━━━━━ Records provided ━━━━━

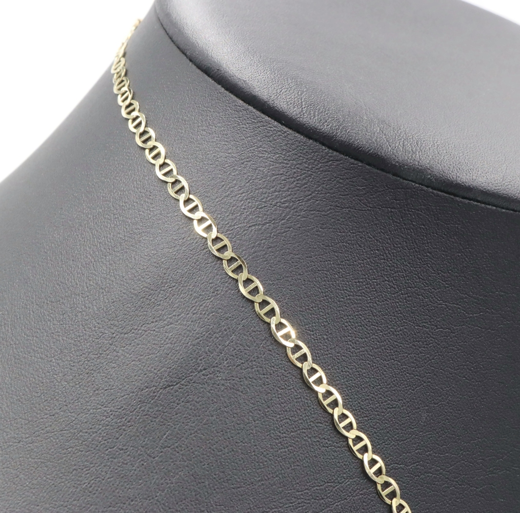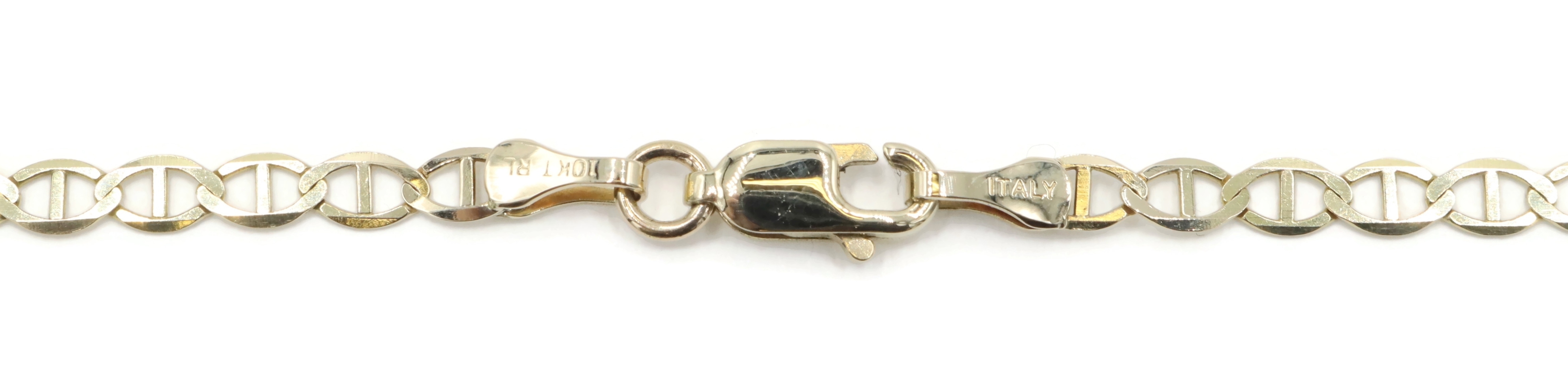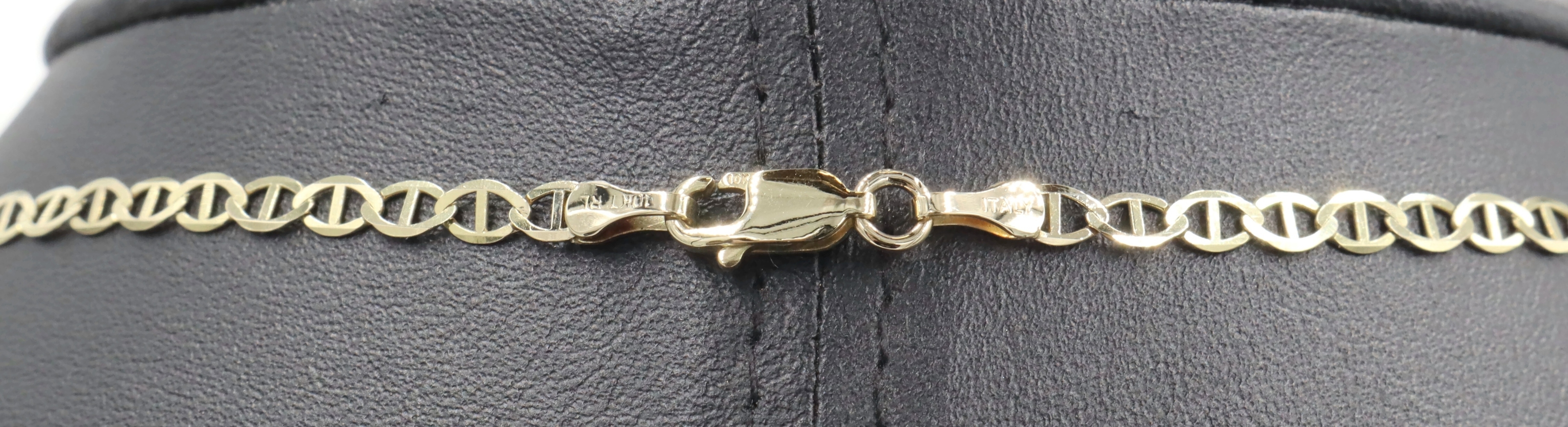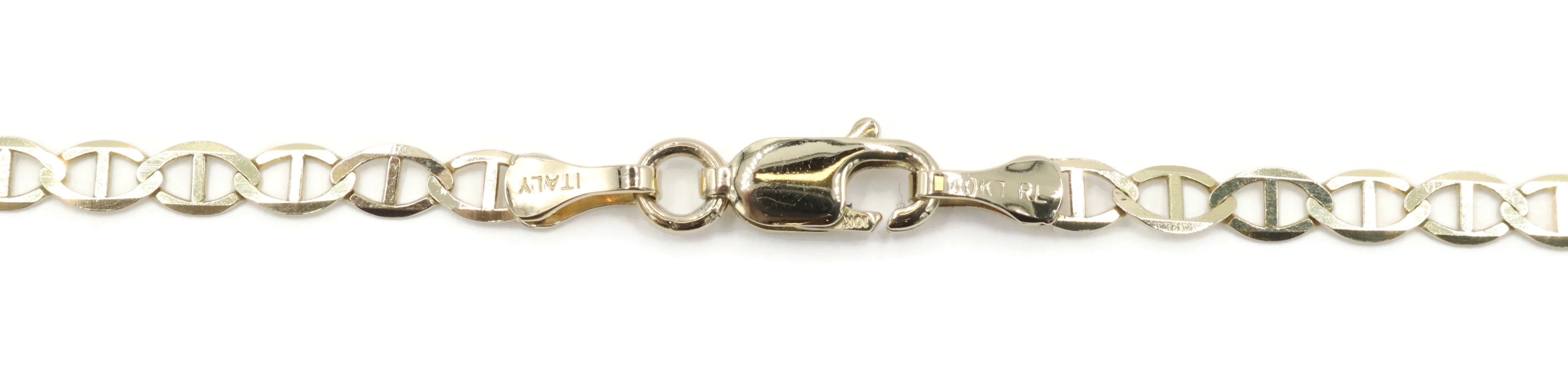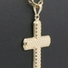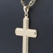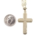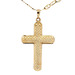 Textured 14KT Yellow Gold 1.5" Cross Pendant on 10KT Gold Mariner Chain 20.5" RL. This pendant is approximately 40mm in length (including the bail) and the mariner necklace is approximately 20 1/2 inches in length.
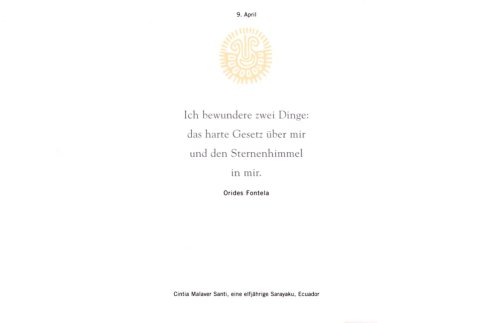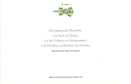 Danielle und Olivier Föllmi bringen uns in ihrer Reihe Weisheit der Menschheit das spirituelle Gedankengut Lateinamerikas nahe. Auf ihrer Reise von der mexikanischen Wüste bis zur Südspitze Chiles erlebten sie zahlreiche Feste, Rituale und alte Traditionen der indianischen Ureinwohner. Olivier Föllmi hielt seine Eindrücke auf farbenprächtigen Fotografien fest. Danielle Föllmi sammelte Texte aus der reichen Literatur dieses Erdteils. Dazu gehören traditionelle indianische Weisheiten ebenso wie Zitate lateinamerikanischer Schriftsteller.
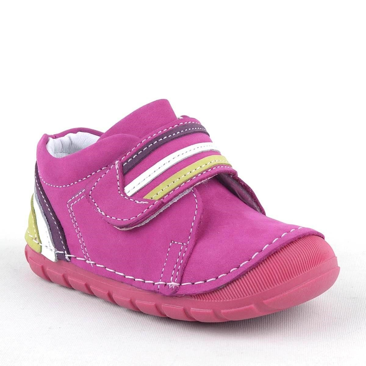Rakerplus Pilou Hakiki Deri Fuşya Tek Cırtlı İlk Adım Kız Bebek Ayakkabısı
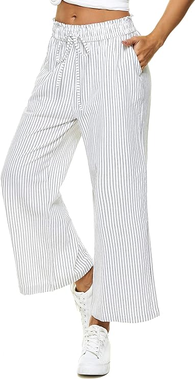 These pants feature a casual yet stylish design. With a high-waisted, wide-leg silhouette and elastic waistband with drawstring tie knot front, they offer both style and ease of wear. Two side pockets add functionality, while the loose-fitting design provides a relaxed, comfortable feel.Â
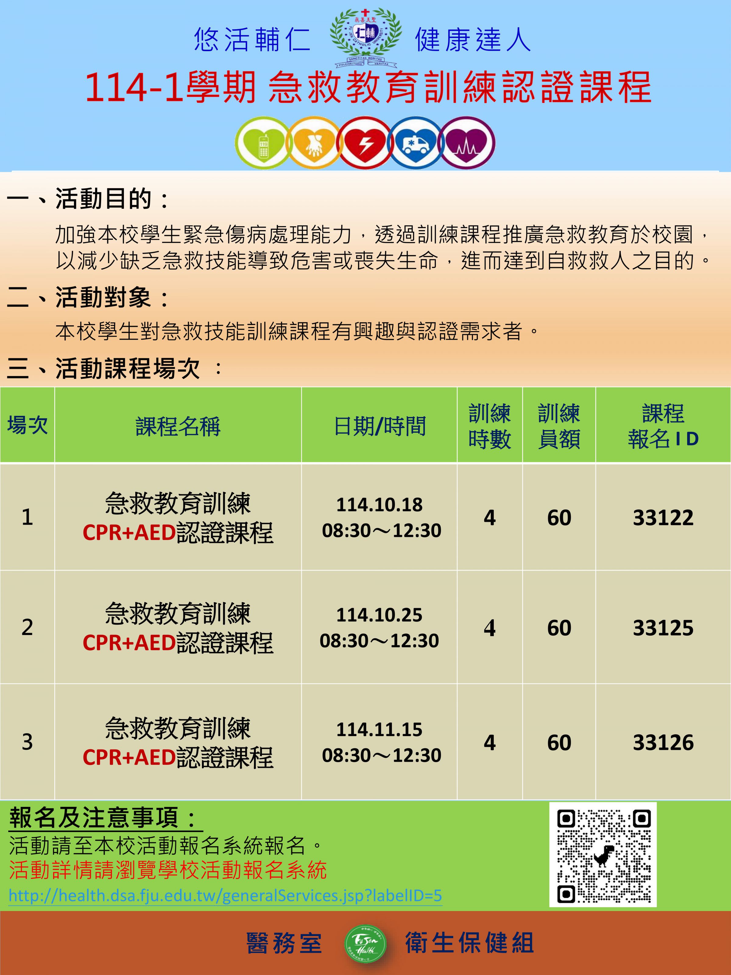 114年10月18日(六)-(CPR+AED) 08:30~12:30 (4小時) 活動ID-33122

━━━━━

The lines to copy run from the one with "Rakerplus Pilou Hakiki" through the end of the material. Write them out exactly, leaving out the pictures.

Final answer
Rakerplus Pilou Hakiki Deri Fuşya Tek Cırtlı İlk Adım Kız Bebek Ayakkabısı
 These pants feature a casual yet stylish design. With a high-waisted, wide-leg silhouette and elastic waistband with drawstring tie knot front, they offer both style and ease of wear. Two side pockets add functionality, while the loose-fitting design provides a relaxed, comfortable feel.Â
 114年10月18日(六)-(CPR+AED) 08:30~12:30 (4小時) 活動ID-33122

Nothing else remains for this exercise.